> _What is required_
Under this line sits a listing. Repeat exactly and only its lines from the one holding "过去80万年内,二氧化碳浓度" through the one holding "While there have"; skip pictures.

> _Source information_
#####
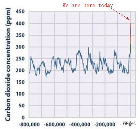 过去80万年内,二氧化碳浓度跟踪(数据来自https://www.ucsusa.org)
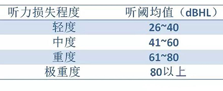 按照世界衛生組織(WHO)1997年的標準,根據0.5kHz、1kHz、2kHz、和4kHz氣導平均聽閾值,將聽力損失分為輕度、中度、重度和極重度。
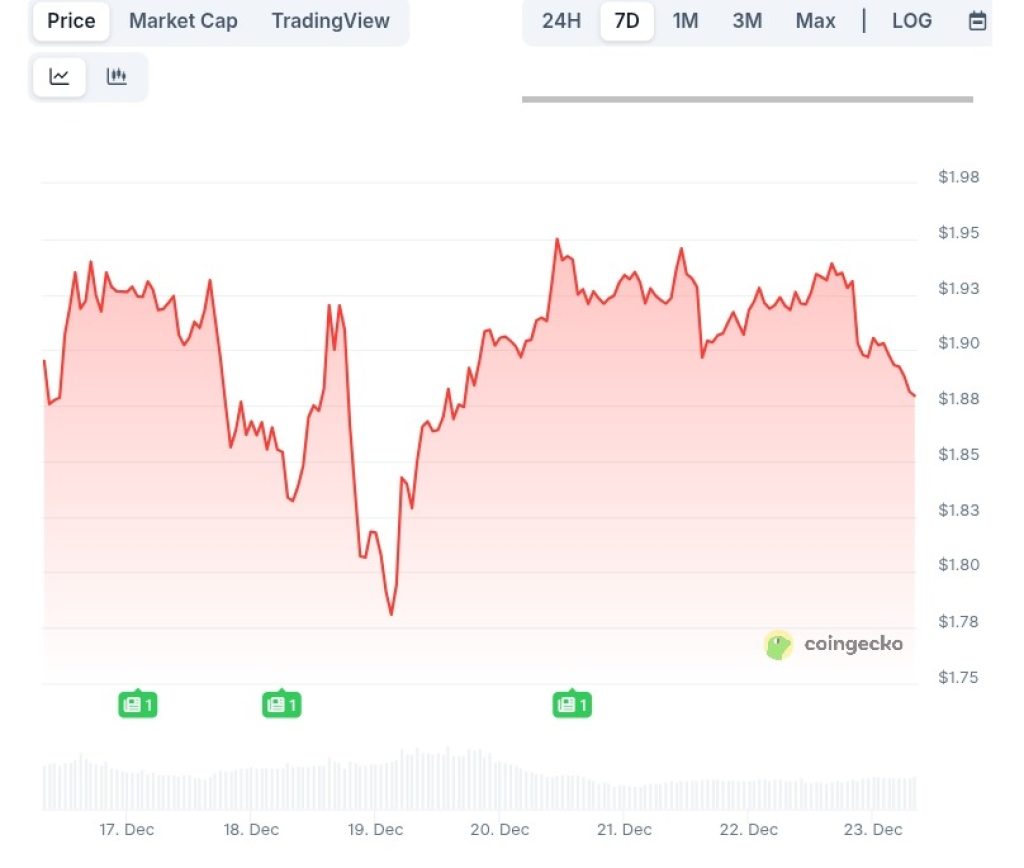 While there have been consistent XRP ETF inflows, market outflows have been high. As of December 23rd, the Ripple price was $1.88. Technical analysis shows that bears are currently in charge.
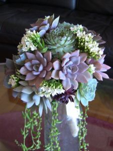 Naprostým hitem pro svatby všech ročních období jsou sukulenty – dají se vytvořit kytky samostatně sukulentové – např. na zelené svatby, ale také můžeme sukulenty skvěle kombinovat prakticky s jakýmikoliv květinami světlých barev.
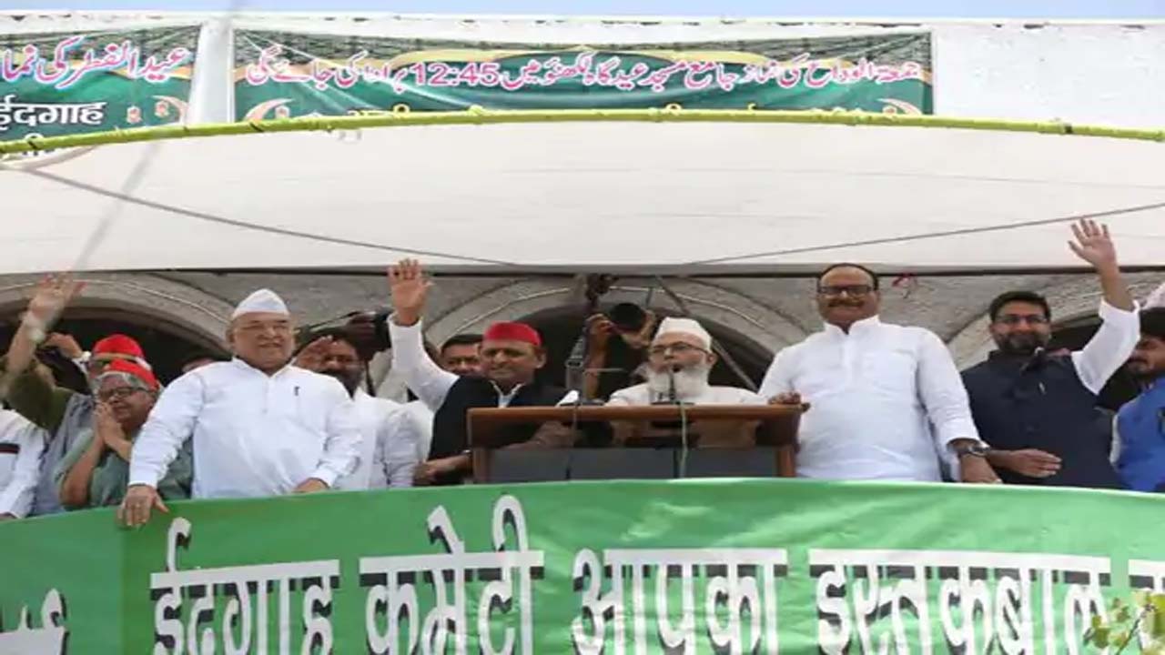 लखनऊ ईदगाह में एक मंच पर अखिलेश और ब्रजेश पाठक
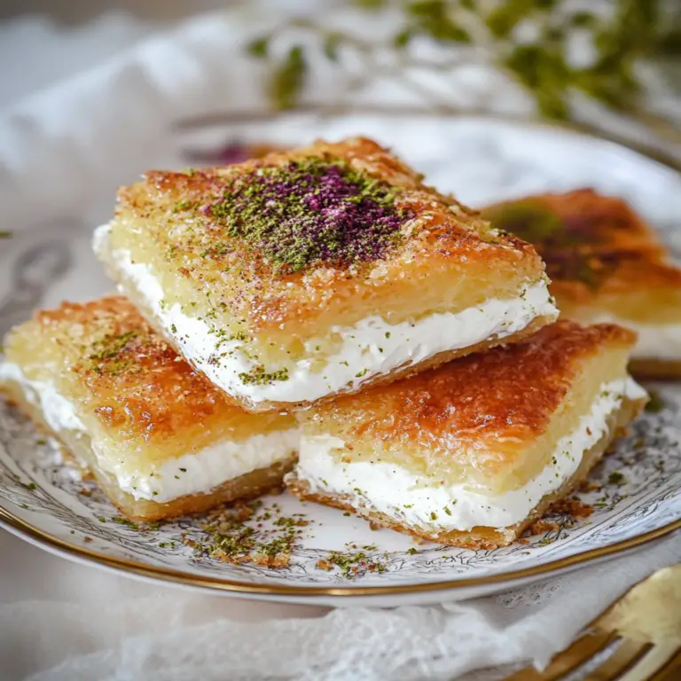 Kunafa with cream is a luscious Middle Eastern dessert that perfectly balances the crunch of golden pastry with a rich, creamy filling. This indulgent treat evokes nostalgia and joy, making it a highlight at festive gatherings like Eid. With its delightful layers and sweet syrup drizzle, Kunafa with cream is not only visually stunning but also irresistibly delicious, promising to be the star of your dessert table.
#####
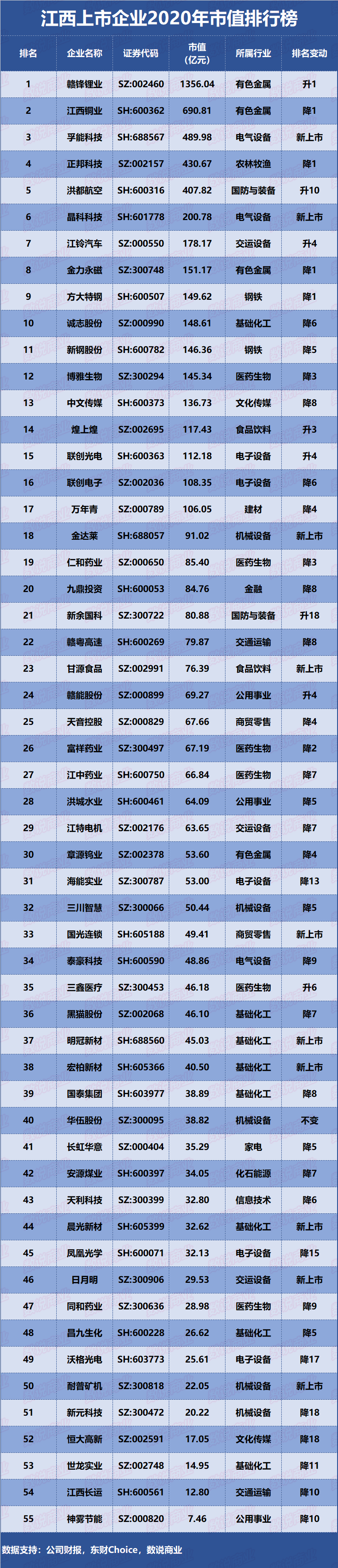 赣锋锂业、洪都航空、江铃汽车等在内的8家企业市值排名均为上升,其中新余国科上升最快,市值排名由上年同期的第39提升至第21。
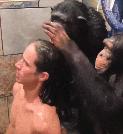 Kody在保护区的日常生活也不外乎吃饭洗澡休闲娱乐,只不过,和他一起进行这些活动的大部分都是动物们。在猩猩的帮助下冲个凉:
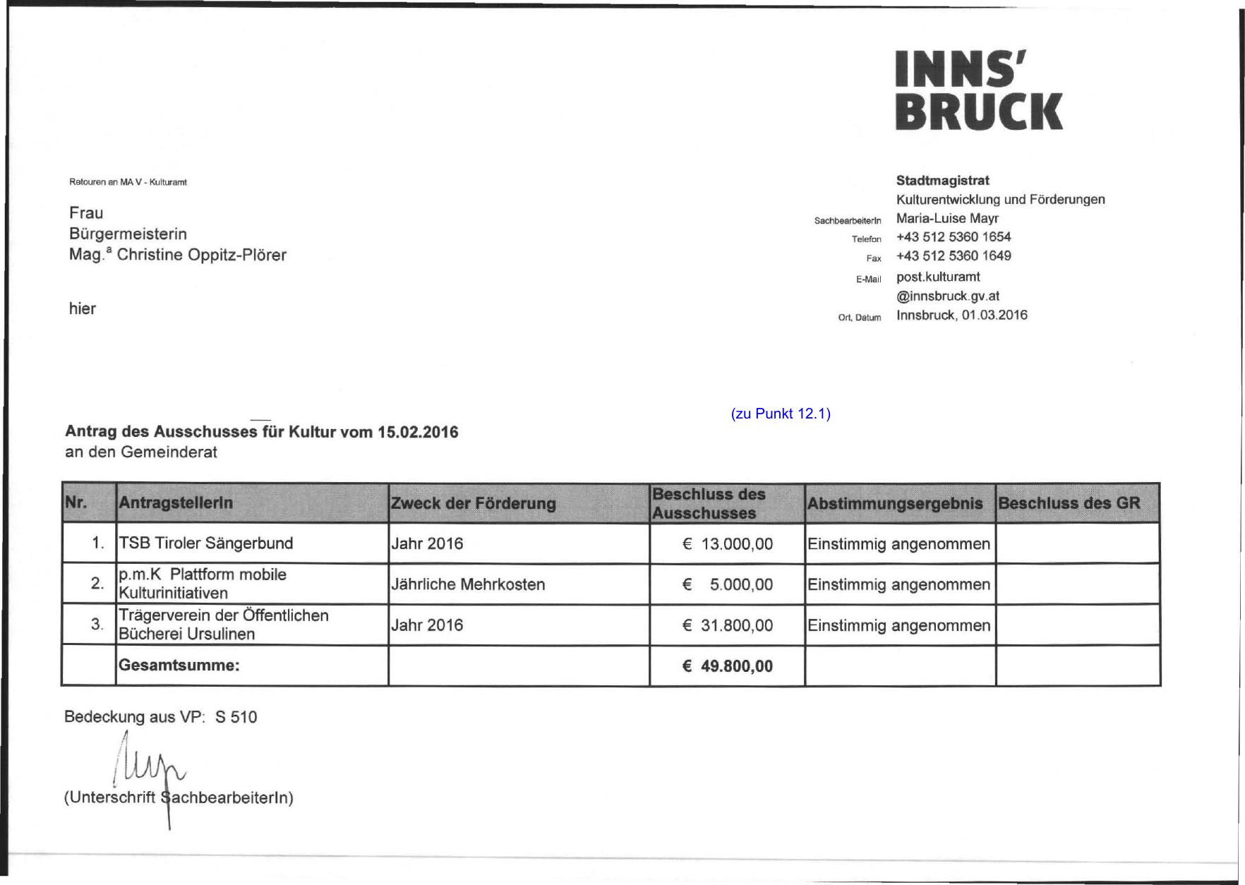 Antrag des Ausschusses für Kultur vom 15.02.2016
#####
> _Result of this exercise_
 过去80万年内,二氧化碳浓度跟踪(数据来自https://www.ucsusa.org)
 按照世界衛生組織(WHO)1997年的標準,根據0.5kHz、1kHz、2kHz、和4kHz氣導平均聽閾值,將聽力損失分為輕度、中度、重度和極重度。
 While there have been consistent XRP ETF inflows, market outflows have been high. As of December 23rd, the Ripple price was $1.88. Technical analysis shows that bears are currently in charge.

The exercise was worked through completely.